Vada Somerville
Quick Facts
Biography
Dr. Vada Watson Somerville was an engaged civil rights activist, and one of the first American black women to have a career in medicine.
Personal life and family
Dr. Vada Watson Somerville was born on November 1, 1885 in Pomona, California. She married John Somerville in 1912, who was a Doctor of Dental Surgery. John Somerville studied at the USC School of Dentistry hoping to train himself as a dentist and return to Jamaica where he was born. Vada met John while she was an undergraduate student. Instead of returning to Jamaica as he once planned, John ended up devoting his life to advancing the Black community in the greater Los Angeles area. Together, John and Vada founded the NAACP Los Angeles center in 1914 and built the Dunbar Hotel which was initially known as the Hotel Somerville, providing a non-segregated hotel for traveling African Americans to stay in. Vada died on October 28, 1972 in her home of Los Angeles, California.
Education
In 1903, Vada received a scholarship through the Los Angeles Times newspaper which allowed her to attend the University of Southern California (USC). After Vada met her husband John, she pursued a career in dentistry, and in 1918 became the first black woman in California to receive her D.D.S. or Doctor of Dental Surgery. Vada was the only woman and the only African American in her class. Impressively, Vada scored among the highest in the state dental examination. Vada’s husband John was the first African American person to graduate from USC dentistry, and Vada became the second African American women to graduate from USC dentistry.
Career
Vada originally worked as a book keeper and a telephone operator after finishing college and was still involved in these jobs when she met her husband, John. Because there was a high chance that her husband, John Somerville would be drafted into military service, Vada decided to study dentistry at USC so that she could continue to treat his patients in the case that he was called up. She became the University of Southern California's second black graduate in 1918 after graduating from the dental school. She is the first black woman to be licensed in dentistry in California and continued to practice with her husband. After retiring from dentistry in 1933, when she was 48 years old, she found her calling in civil rights activism and began to participate in many community organizations. She made the decision to devote herself full-time to “social welfare and civic work.", some of which are the Los Angeles League of Women Voters, the Council on Public Affairs, UCLA’s YWCA and the USC Half Century Club. In 1927, Vada and John broke ground for the Hotel Somerville in Los Angeles—described in Black Women in America as “an elegant, all-Black hostelry that symbolized both the possibilities of racial advancement and the realities of racial segregation.” This hotel became a gathering place for those African Americans who wanted social change as well as an example of how the educated black class was beginning to contribute new status and ideas into the discussion of race in America. In 1928, the Hotel Somerville served as the headquarters for the NAACP national convention. After the stock market crashed and the hotel was bought from the Somervilles, the Hotel Somerville was renamed the Dunbar Hotel and soon after it became a museum with local and national landmark status.

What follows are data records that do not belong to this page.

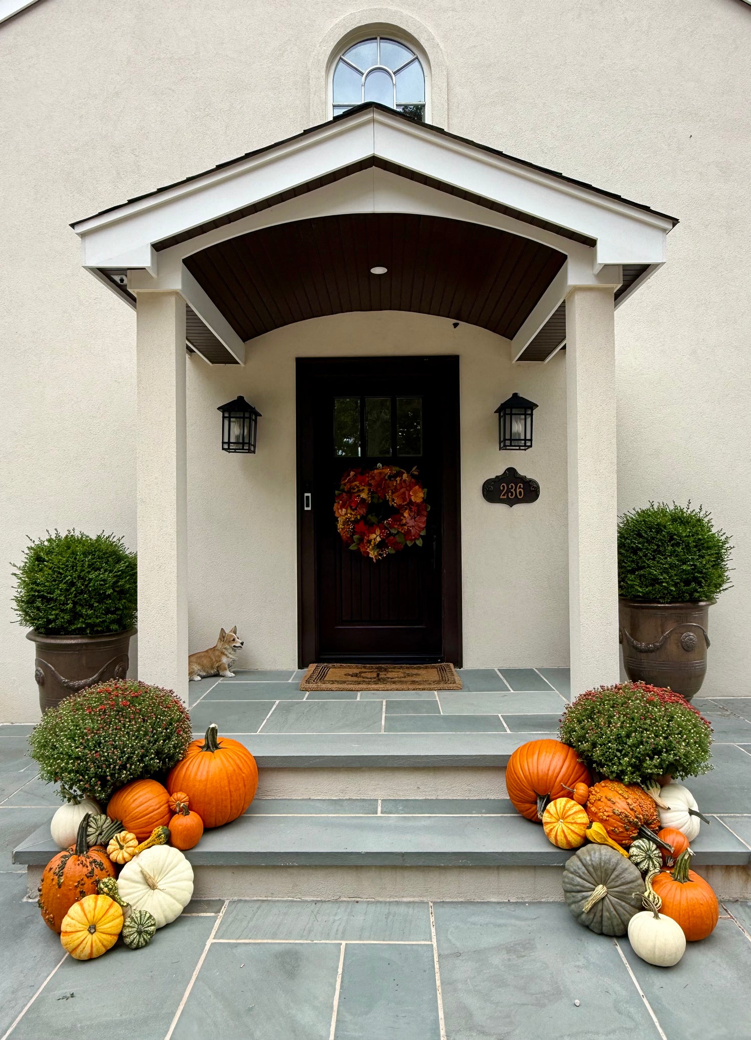 This family added the perfect Signature fall pile with two mums to compliment their lovely planters.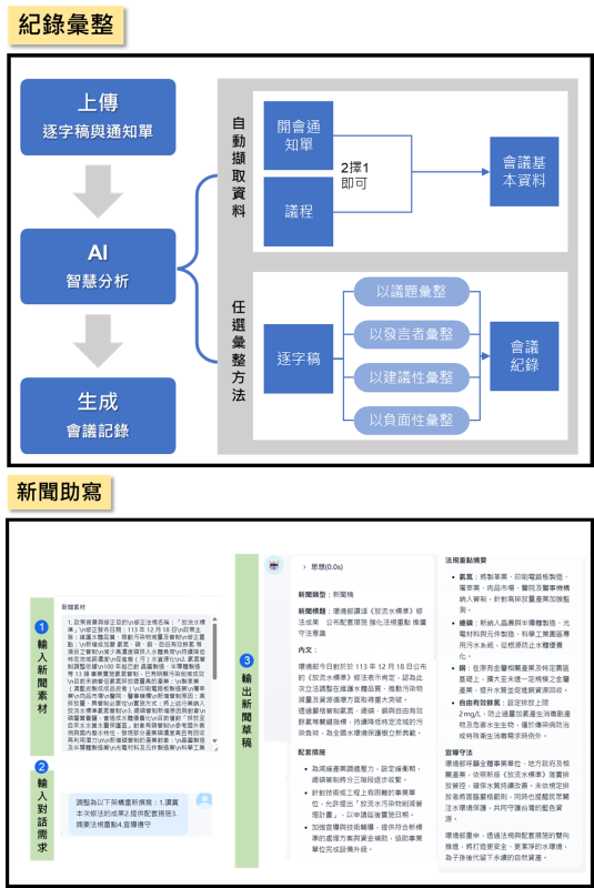 - 新聞助寫:協助使用者撰寫自定義段落之環境部新聞稿。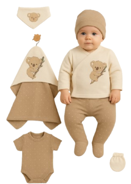 Îmbracă-ți micuțul cu dragoste și grijă folosind setul nostru complet pentru bebeluși, creat special pentru a-i oferi un start minunat în viață. Fabricat cu materiale de cea mai bună calitate și cu un design adorabil, acest set este alegerea ideală pentru părinții care își doresc tot ce este mai bun pentru bebelușul lor.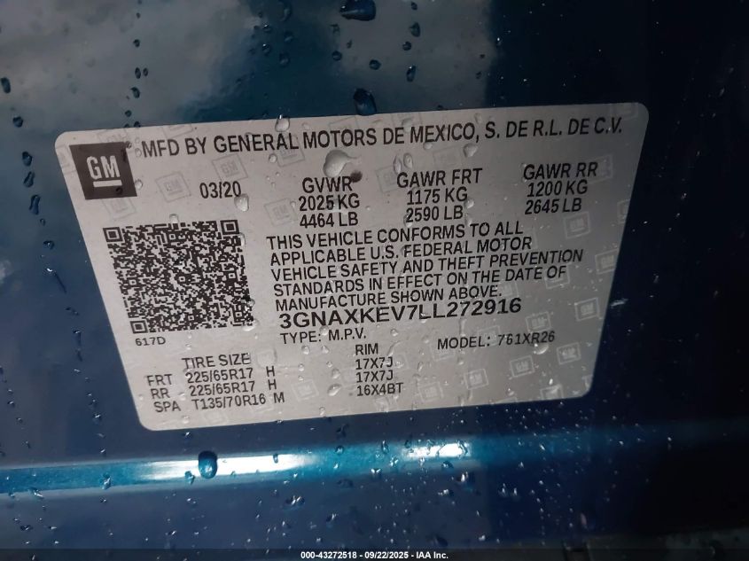 2020 CHEVROLET EQUINOX - 3GNAXKEV7LL272916, колір - Синій, 1.5, Бензин, Передній привід із США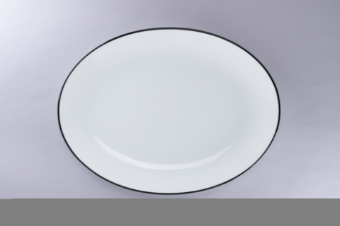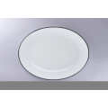 Oval Coupe Platter, 14.1"L x 10.67"W, round, porcelain, white with black rim, Rimz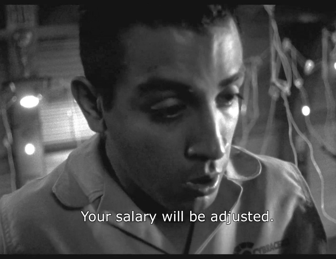 Figure 1 Image of the Main Character Memo as a Node Worker Note. Image from the film Sleep Dealer (Rivera, 2008, 39:13). Copyright 2008 by Alex Rivera. Used with permission. |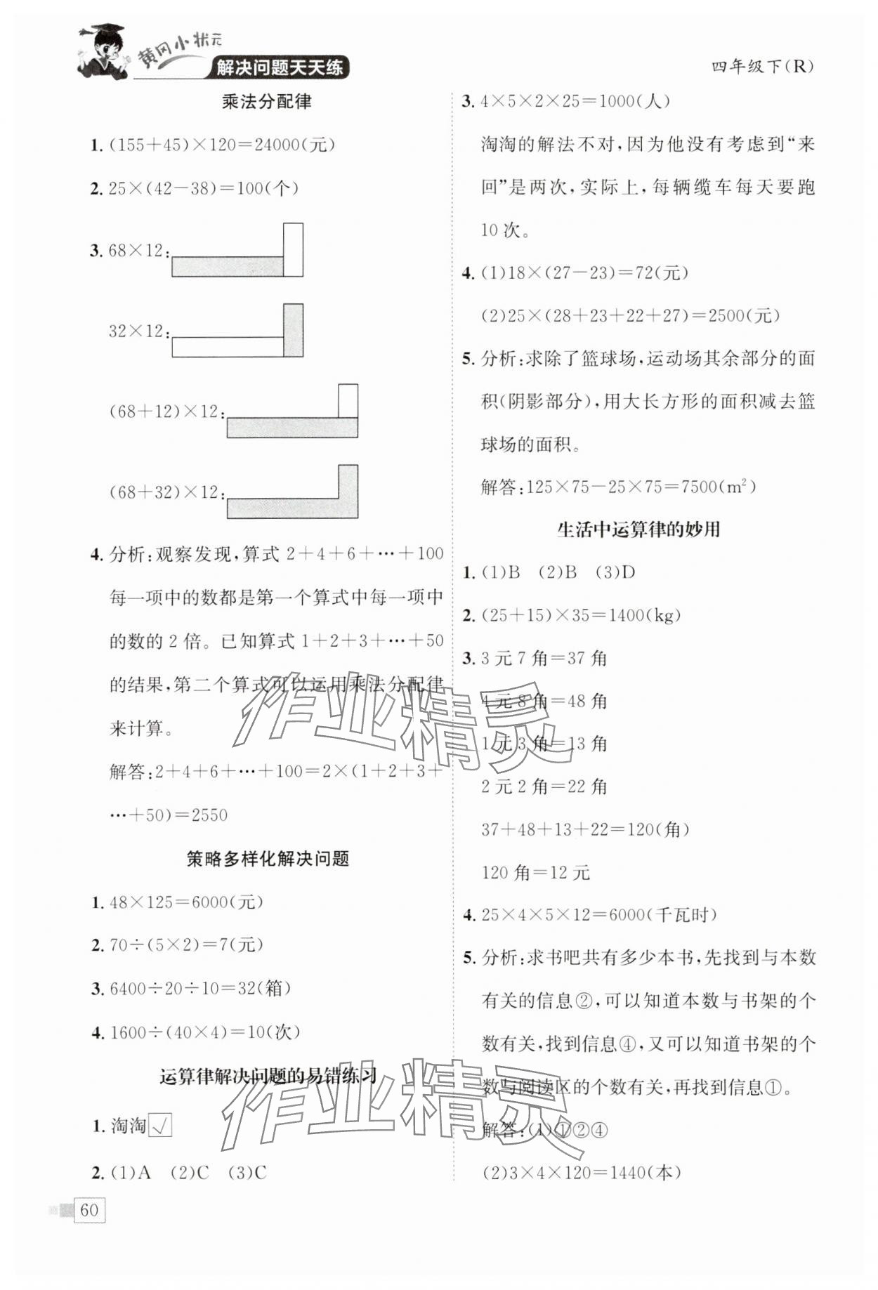 注:目前有些书本章节名称可能整理的还不是很完善,但都是按照顺序排列的,请同学们按照顺序仔细查找。练习册 2025年黄冈小状元解决问题天天练四年级数学下册人教版 答案主要是用来给同学们做完题方便对答案用的,请勿直接抄袭。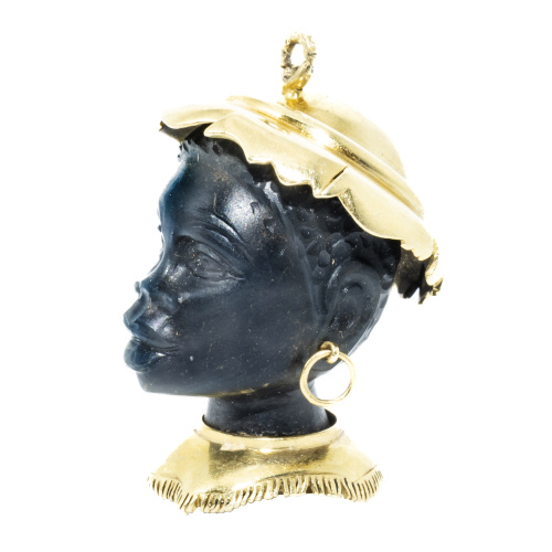 182. Colgante con cabeza de recolectora con cuello y sombrero en oro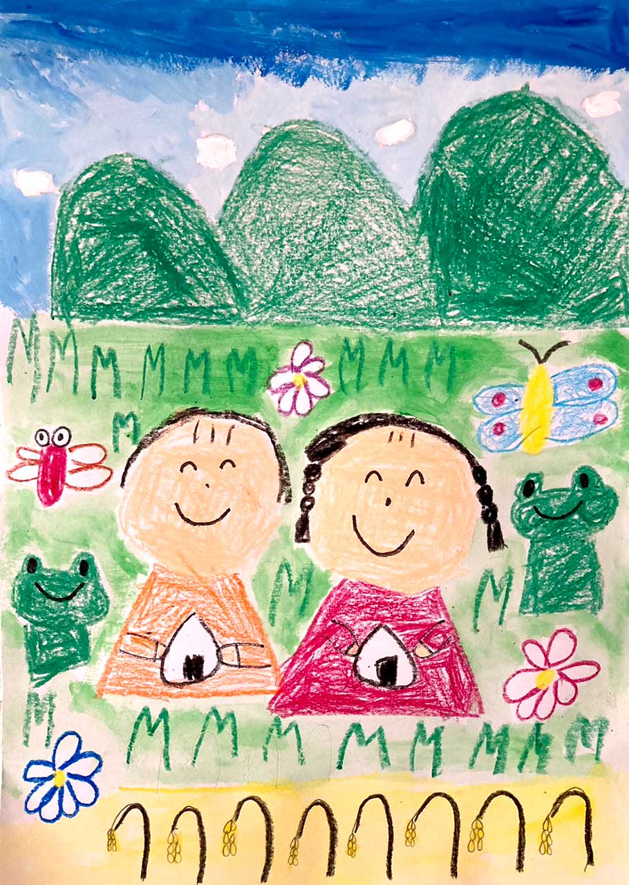 田んぼの周りで見つけた生き物と大好きな景色、美味しいお米を描きました。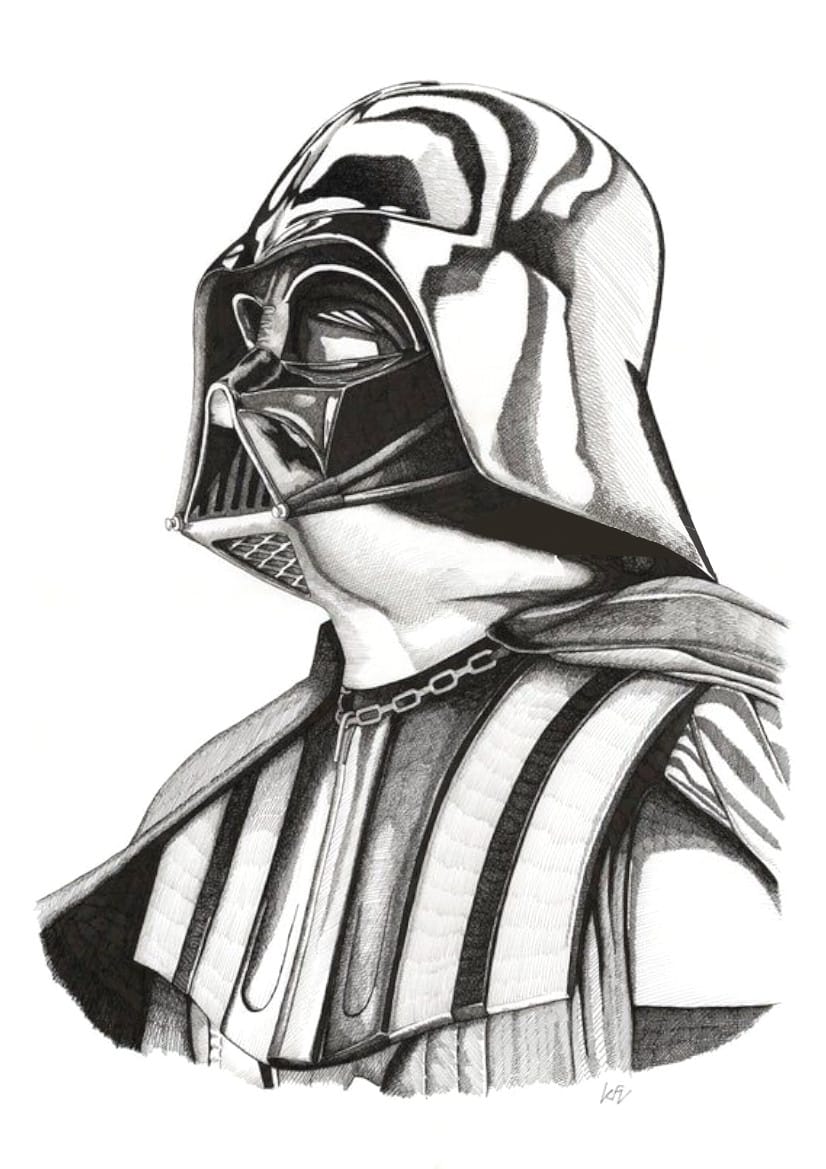 L’armure de ce personnage culte est principalement noire, mais pour éviter un rendu trop plat, jouez sur les contrastes : utilisez un noir profond pour les parties les plus sombres et des nuances de gris métallique pour donner du relief au casque et à la poitrine.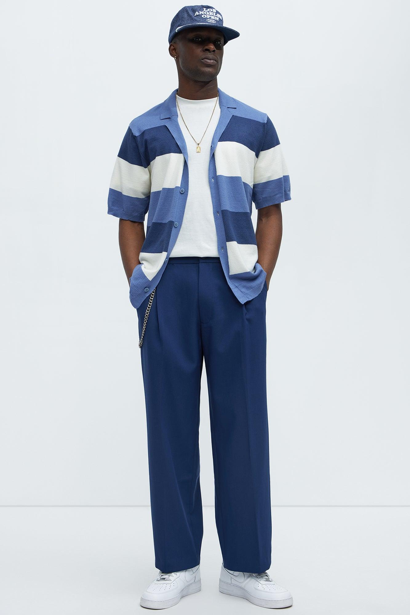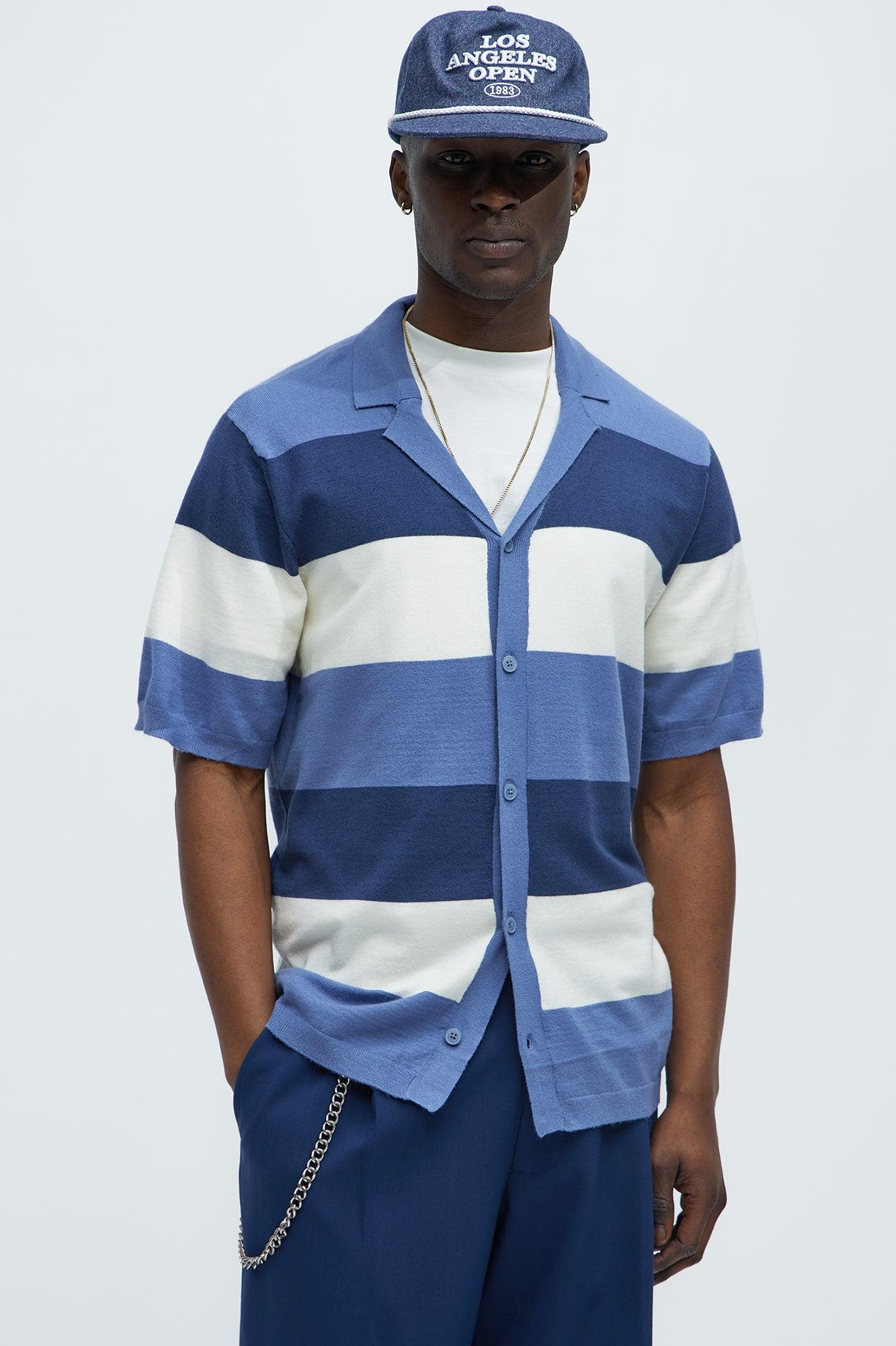 Dodge Cuban Collar Knit Shirt - Blue/combo

Through Vada's civil rights activism, Vada dedicated much of her life to the bettering of fellow black women’s lives. By 1938, Vada had become an active member in the establishment of the Los Angeles chapter of the National Council of Negro Women—an organization founded only three years before by Mary McLeod Bethune. In 1948, Vada helped to co-found the Los Angeles County Human Relations Committee and established the Pilgrim House Community Center designed to take care of the health needs of black families who migrated to LA during World War II. Vada’s support of black women was crucial to the creation of black women’s service organizations such as the Links and the Alpha Kappa Alpha Sorority. One of her final female accomplishments was her creation of The Stevens House, a multiracial dormitory at UCLA made to foster better interracial relations between students.
Later life
She lived to see the enactment of the 1964 Civil Rights Act, signed by President Lyndon B. Johnson, which paved the way for more advancement in civil rights.
Legacy
Both John and Vada Somerville are revered at the USC Dental School, where their portraits are hanging as symbols of ambition and perseverance. Additionally, USC’s African-American residential theme floor has been named Somerville Place, after John and Vada Somerville. It has gained national recognition by being featured in the Los Angeles newspaper in 2000. The goal of Somerville Place is to foster a respect for black culture and create a sense of community on campus. However, Vada’s legacy extended beyond her accomplishments at USC. The civil rights movement, including the Brown v. Board of Education decision and Rosa Park’s legacy, became a reality in large part due to the efforts of Vada Somerville and other women like her across the country. By the time Vada died, she had turned her own personal accomplishment into a social revolution for women across the country.